Figure 2: All socio-technical networks are multi-scale graphs of complex overlapping processes.

On one level, the Internet is a graph — indeed, it’s several, depending on how you look at it — but how should one capture its nuances and model it? That’s a long term project with enormous scope, so we have to begin with the elementary questions — to capture its main structural and semantic relationships.

Mapping out the Internet is a bit like taking satellite imagery of the Earth: we can see some things in plain sight, but we can’t see the insides of buildings or underground tunnels. Similarly, the Internet hides some information, both for security and privacy reasons, as well as for reasons of scale. Some information has to be based on inference. Probing the data requires sophisticated machine learning — not the headline grabbing Deep Learning kind, but rather the more widespread learning about changing signals, by automated sampling and reasoning, used to run the biggest investigative and predictive endeavours of our time, from particle physics to supply chain management.

CAIDA publishes a portion of their results as monthly public sets that capture a snapshot tomography of the inferred structure based on complex and heuristically-guided algorithms. This is the ITDK project (for Internet Topology Data Kit). It’s a small part of the whole picture, but one we can use as an example of semantic spacetime modelling, because it offers a recognizable picture of the Internet — something roughly analogous to the wavefunction for the Internet.

Semantic Spacetime Again

One answer to organizing network information, qualitatively and quantitatively, is to use Semantic Spacetime — as highlighted in the main body of this series. Semantic Spacetime models processes as graphs (something like scaffolding built from Feynman diagrams, but generalized to capture more aspects of a process). Semantic Spacetime retains special labels that distinguish the meaning of locations and their relationships, with respect to different flows and processes, mapping between different causal influences.
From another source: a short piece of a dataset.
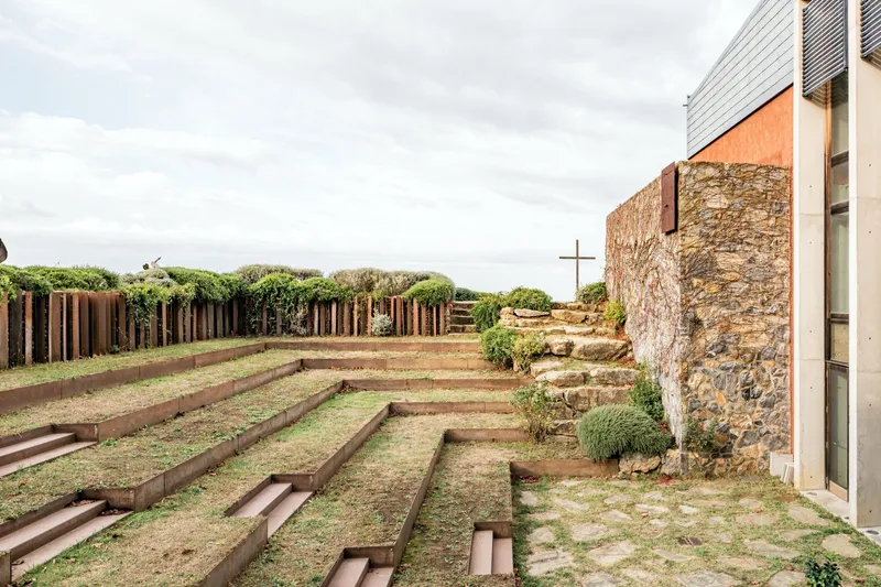 A completare il sistema di accoglienza fu poi, nel 2017, la Foresteria del Pellegrino, composta da una serie di volumi disposti lungo il pendio per mantenere un rapporto diretto tra architettura e suolo.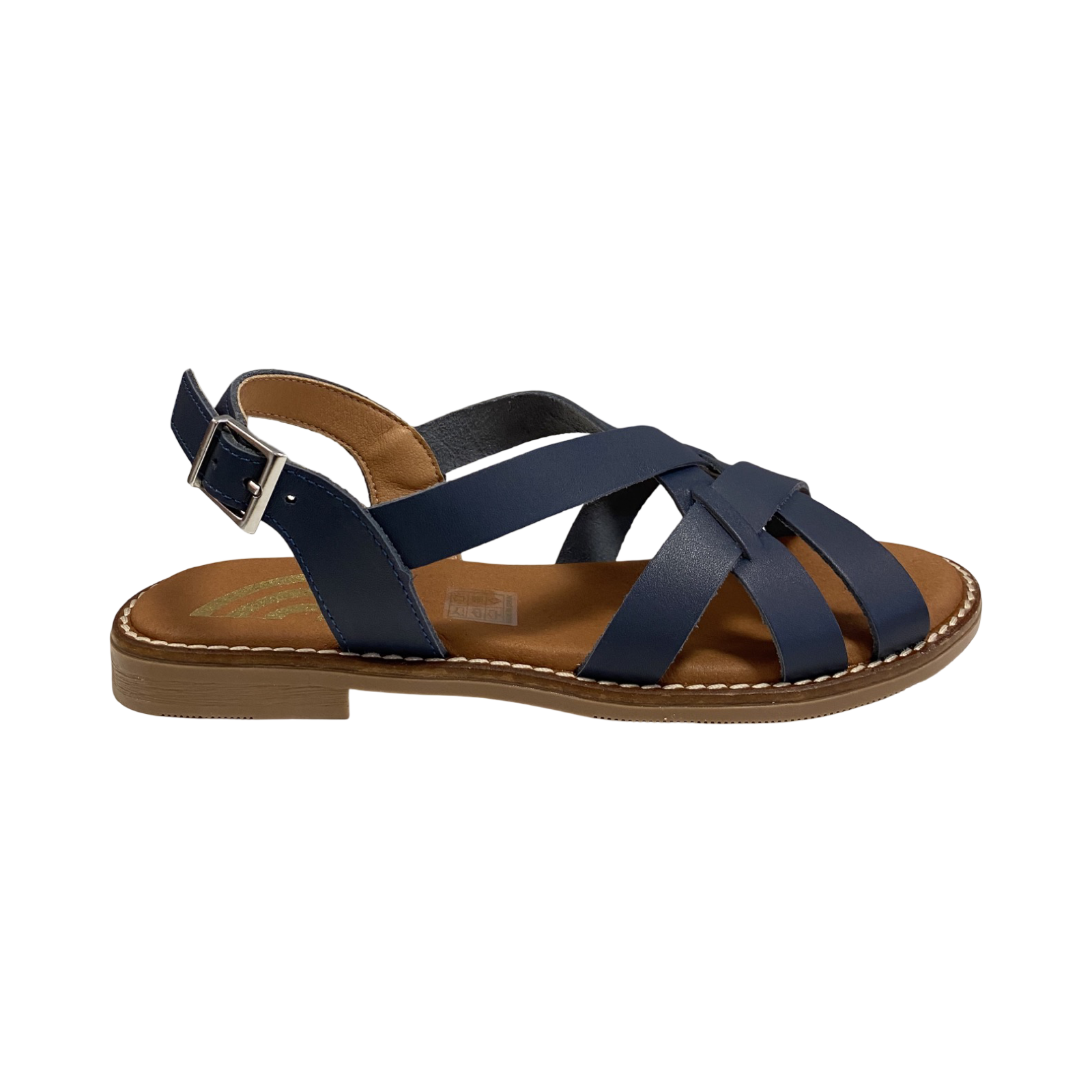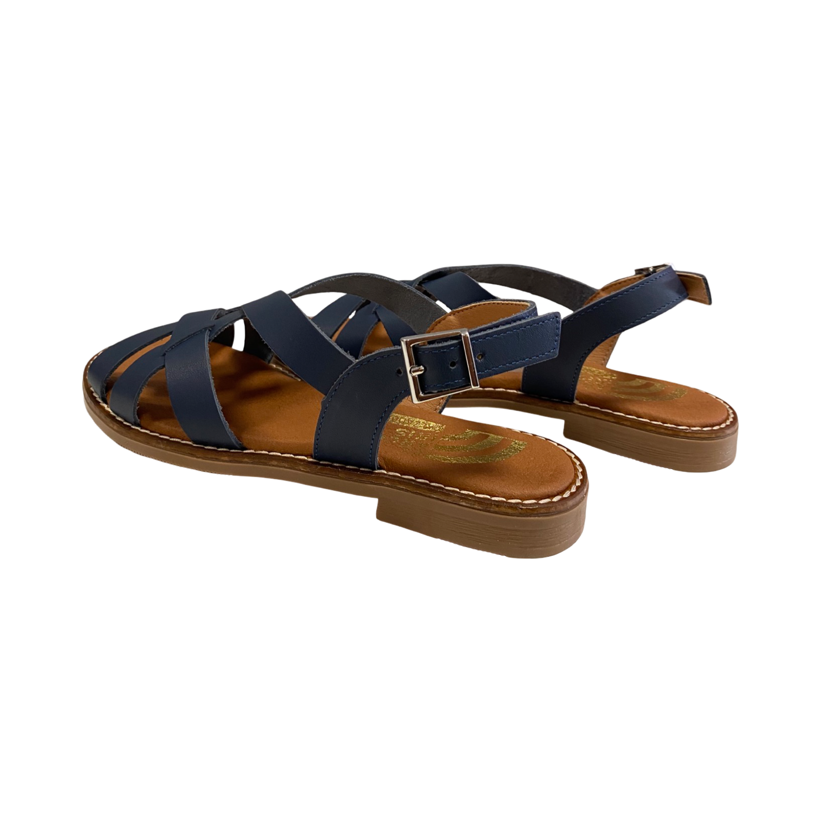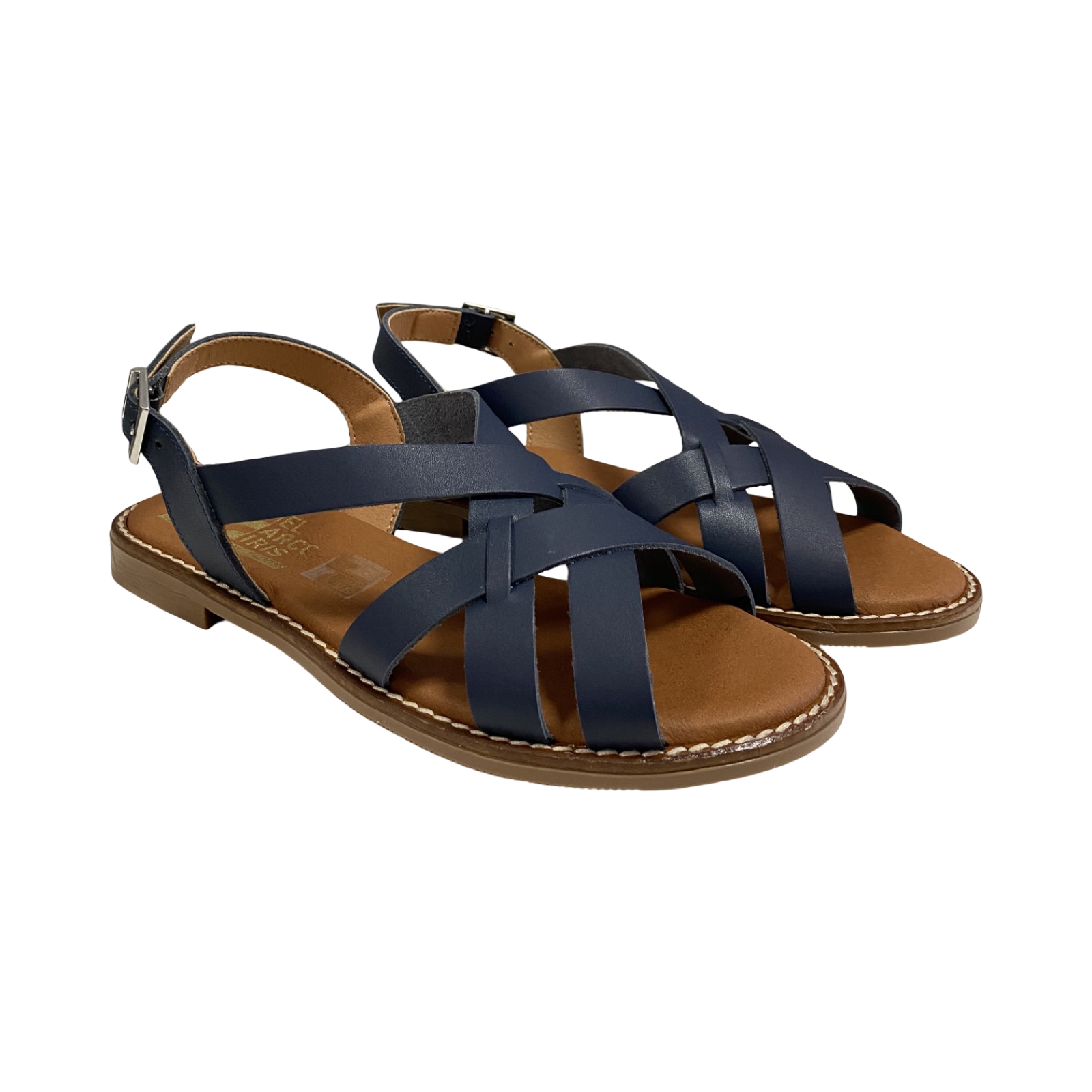 Sandalia plana de mujer fabricada en piel de color marino. Las sandalias estilo romana son tendencia esta temporada, por lo que el modelo Enya no pasará desapercibido, si buscas un básico para tu fondo de armario. Además, su planta de microfibra transpirable confort gel te dará esa comodidad que necesitas para tus pies en el día a día.

Figure 3: Probing the local structure of the Internet using traceroute (see part 7 of this series).

In Part 7 of the main series about Semantic Spacetime and Data Analytics, I showed how network probing, using traceroute, could reveal the structure of a network, thread by thread and step by step (see figure 4). It’s a laborious undertaking that CAIDA has specialized in — sewing together endless probes into a kind of snapshot, accumulated from an ensemble of millions of independent processes. ITDK is summarized methodically as a published history of effective snapshots for the entire Internet.

Figure 4: Building up a traceroute as radial slices taken over multi-slit maps forms a superposition of possible boundary conditioned paths.

Where are space and time in this picture? The Internet’s nodes and organizations are different flavours of space: the succession of summaries describes one kind of (adiabatic equilibrium) time, while the individual probes map out transitions that form the proper times of millions of independent observer processes. As usual, it's spacetime all the way down.

The result is effectively a giant non-equilibrium field of fluctuating causal influence–quite similar to a quantum mechanical wavefunction in a number of ways (see the discussion in part 7). The main difference is that the individual causal pathways remain in pinpoint graphical form, rather than being smeared out as a functional Euclidean embedding, or a field. But, while embedding functions are a popular approach for approximating inferences in modern machine learning, the Internet is too complex an ecosystem to be represented as a purely quantitative field. It’s richness of semantics is what holds the keys to its understanding on multiple levels.

Isn’t it just a graph database?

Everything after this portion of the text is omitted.